◆ **Task item**: What needs reproducing is the run of lines in the data below starting at the line with "それぞれのゲームを簡単に「ど" and ending at the line with "科倫坡港口城項目是中國與斯里", both ends included. Copy it exactly, without pictures, and add nothing.
+++ Records +++
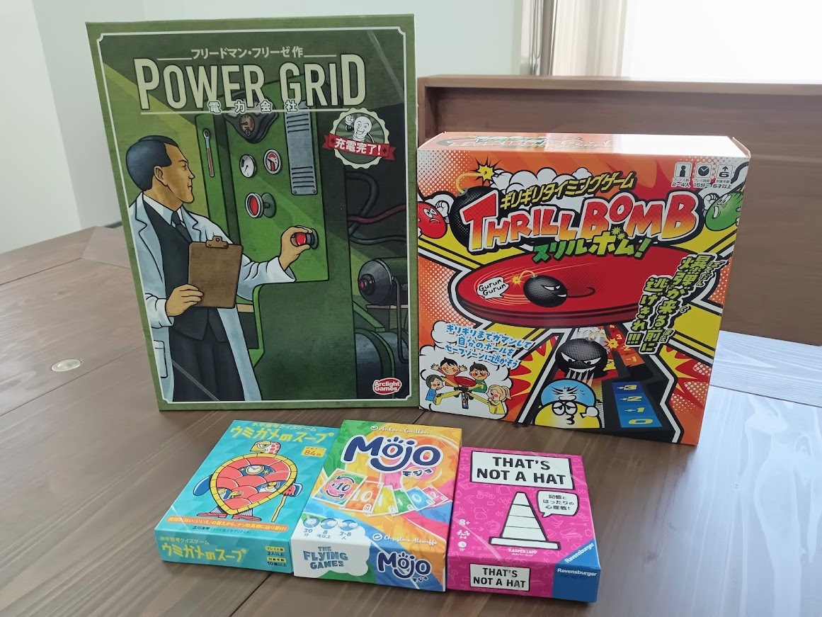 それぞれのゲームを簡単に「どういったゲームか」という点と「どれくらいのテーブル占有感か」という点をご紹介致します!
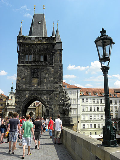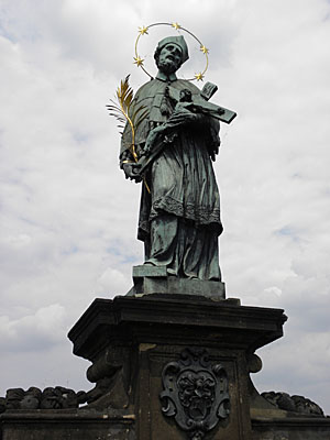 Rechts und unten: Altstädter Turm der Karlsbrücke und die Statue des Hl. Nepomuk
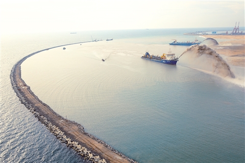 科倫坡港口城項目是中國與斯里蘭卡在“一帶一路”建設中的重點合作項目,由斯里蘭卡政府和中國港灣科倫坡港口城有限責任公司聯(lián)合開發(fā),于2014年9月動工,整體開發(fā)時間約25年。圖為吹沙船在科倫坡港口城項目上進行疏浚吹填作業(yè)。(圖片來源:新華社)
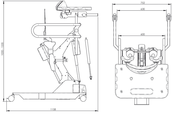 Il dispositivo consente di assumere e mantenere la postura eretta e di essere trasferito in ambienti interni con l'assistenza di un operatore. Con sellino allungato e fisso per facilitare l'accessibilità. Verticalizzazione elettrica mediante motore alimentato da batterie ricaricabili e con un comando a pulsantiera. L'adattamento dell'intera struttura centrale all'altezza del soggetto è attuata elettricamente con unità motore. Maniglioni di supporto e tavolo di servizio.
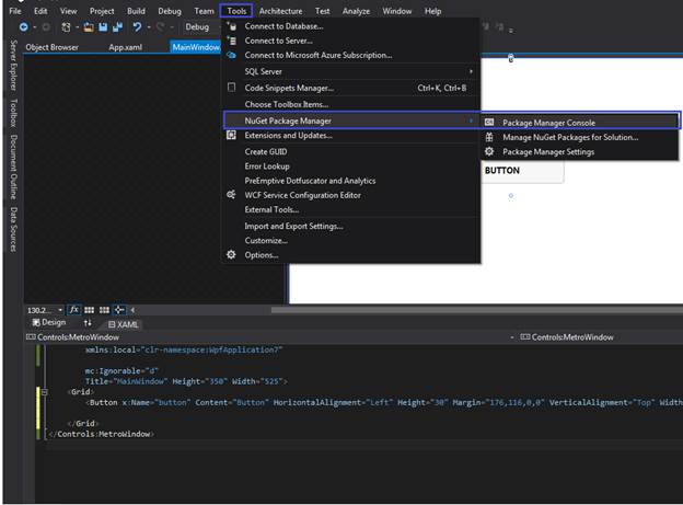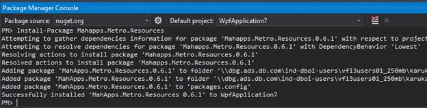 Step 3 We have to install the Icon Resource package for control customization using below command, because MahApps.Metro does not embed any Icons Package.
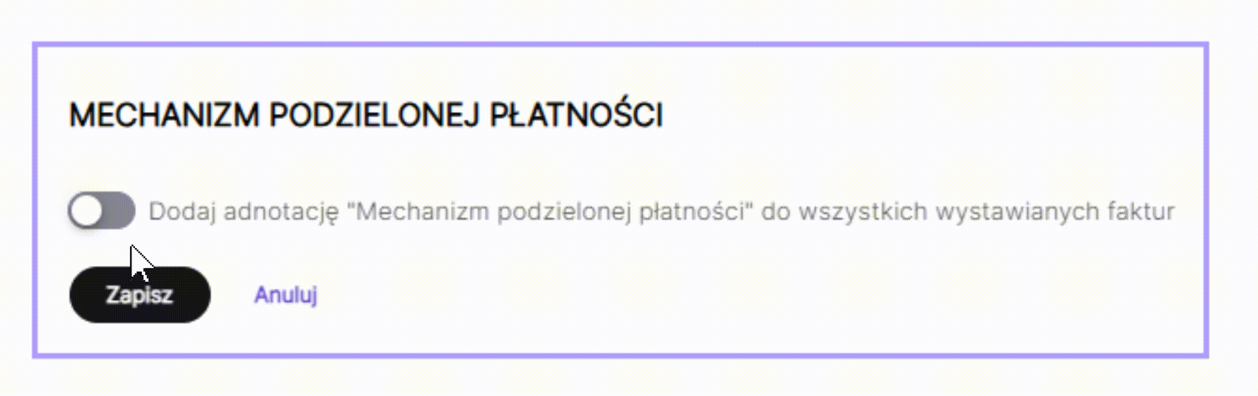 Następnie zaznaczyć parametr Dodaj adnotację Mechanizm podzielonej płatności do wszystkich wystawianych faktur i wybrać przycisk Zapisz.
+++
+++ Records +++
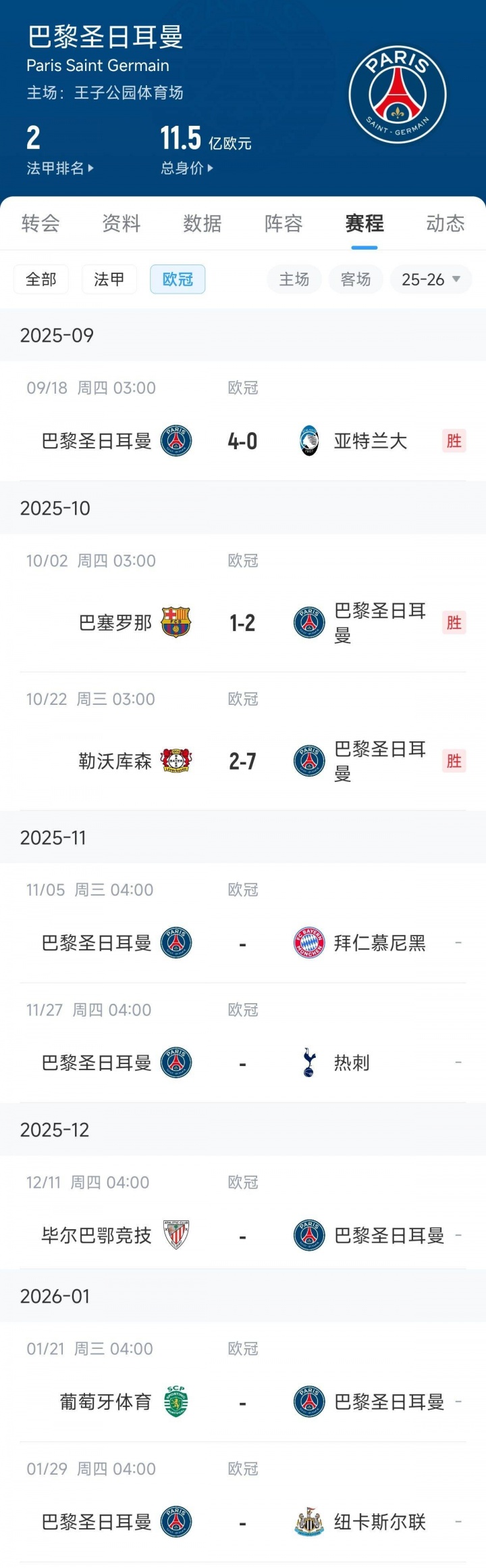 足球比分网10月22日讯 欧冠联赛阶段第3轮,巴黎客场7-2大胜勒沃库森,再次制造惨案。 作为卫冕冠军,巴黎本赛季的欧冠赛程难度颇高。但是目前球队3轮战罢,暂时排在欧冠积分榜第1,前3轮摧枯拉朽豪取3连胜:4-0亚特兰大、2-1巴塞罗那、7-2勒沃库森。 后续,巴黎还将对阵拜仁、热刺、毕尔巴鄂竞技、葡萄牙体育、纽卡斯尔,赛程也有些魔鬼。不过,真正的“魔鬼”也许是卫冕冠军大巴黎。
+++
◆ **Reply**:
 それぞれのゲームを簡単に「どういったゲームか」という点と「どれくらいのテーブル占有感か」という点をご紹介致します!
 Rechts und unten: Altstädter Turm der Karlsbrücke und die Statue des Hl. Nepomuk
 科倫坡港口城項目是中國與斯里蘭卡在“一帶一路”建設中的重點合作項目,由斯里蘭卡政府和中國港灣科倫坡港口城有限責任公司聯(lián)合開發(fā),于2014年9月動工,整體開發(fā)時間約25年。圖為吹沙船在科倫坡港口城項目上進行疏浚吹填作業(yè)。(圖片來源:新華社)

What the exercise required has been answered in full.